S103: and comparing the pixels according to the marking data, wherein in the same region, if the marking data of the marked pixels are the same and the marking data of the marked pixels in two adjacent regions are different, the line is free of defects.

And when all pixels in the area to be detected are marked, analyzing the obtained marked data. The bright area 403 is taken as an example for explanation in the embodiment of the present disclosure. In the same bright area 403, when the marking data of the sub-pixels marked in the detected area are the same, it indicates that there is no difference between the images imaged in the area, and meanwhile, the marking data of the pixels in the dark area 402 adjacent to the area are different, it indicates that the bright and dark are alternate, that is, the metal trace arranged in the area is complete and continuous, and the metal line has no defect.

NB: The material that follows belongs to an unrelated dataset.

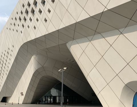 哈迪德设计,这里周围还有奥林匹克博物馆、保利大剧院、青奥公园、南京眼步行桥等建筑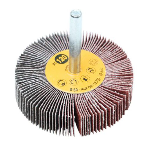 Wiel met lamellen Ø 60 mm, Ø: 60 mm, Breedte: 15 mm, Korrel: 120, Stang Ø: 6 mm, Gebruik: Afwerken

However, as shown in fig. 5 and 6, fig. 5 to 6 are schematic diagrams illustrating defect imaging of a metal line according to an embodiment of the present disclosure. And after the imaging of the metal wiring in the region to be detected is finished, analyzing the imaging result. The ith column of bright area 4031 and the (i + 1) th column of bright area 403 are used as an example for explanation. The marking data corresponding to any pixel point D in the area 404 is taken, when the ith row is counted, the pixel point D is counted, when the ith +1 row is counted, because the area D is directly disconnected, the pixel point D still can be counted in the ith +1 row, namely the pixel point D can exist in two counting areas. Namely, the short circuit condition of the metal wires corresponding to the region corresponding to the pixel point D is represented.

Further, as shown in fig. 6, a region 405 is selected, a pixel point F in the region is marked, and after the marking is completed, the marked data is analyzed. At this time, the pixels marked on each row are taken as reference. For the ith bright area corresponding to the ith row of metal traces and the (i + 1) th row of bright areas corresponding to the (i + 1) th row of metal traces, when the metal traces are complete and free of defects, the marking data of the pixels corresponding to the ith row of metal traces and the (i + 1) th row of metal traces should be completely the same.

However, when the metal trace is broken, as shown in the area 405 in the figure, at this time, the sub-pixels in the area 405 are marked as data in the dark area, that is, the marked data corresponding to the pixels in the area 405 corresponding to the bright area is different from the marked data in the previous bright area, and at this time, the metal trace is broken at the ith column.

Therefore, according to the line defect detection method provided by the embodiment of the disclosure, the line is converted into the pixel unit, and the judgment is performed according to the marking result corresponding to the pixel unit, so that the detection method is simple and efficient, the detection precision is high, the defects existing in the line wiring can be visually presented, the detection effect is good, the repair capacity can be effectively improved, and the yield is improved.

The above detailed description is provided for the method for detecting a line defect of a display panel provided by the embodiment of the present disclosure, and the description of the above embodiment is only used to help understanding the technical solution and the core idea of the present disclosure; those of ordinary skill in the art will understand that: it is to be understood that modifications may be made to the arrangements described in the embodiments above, and such modifications or alterations may be made without departing from the spirit of the respective arrangements of the embodiments of the present disclosure.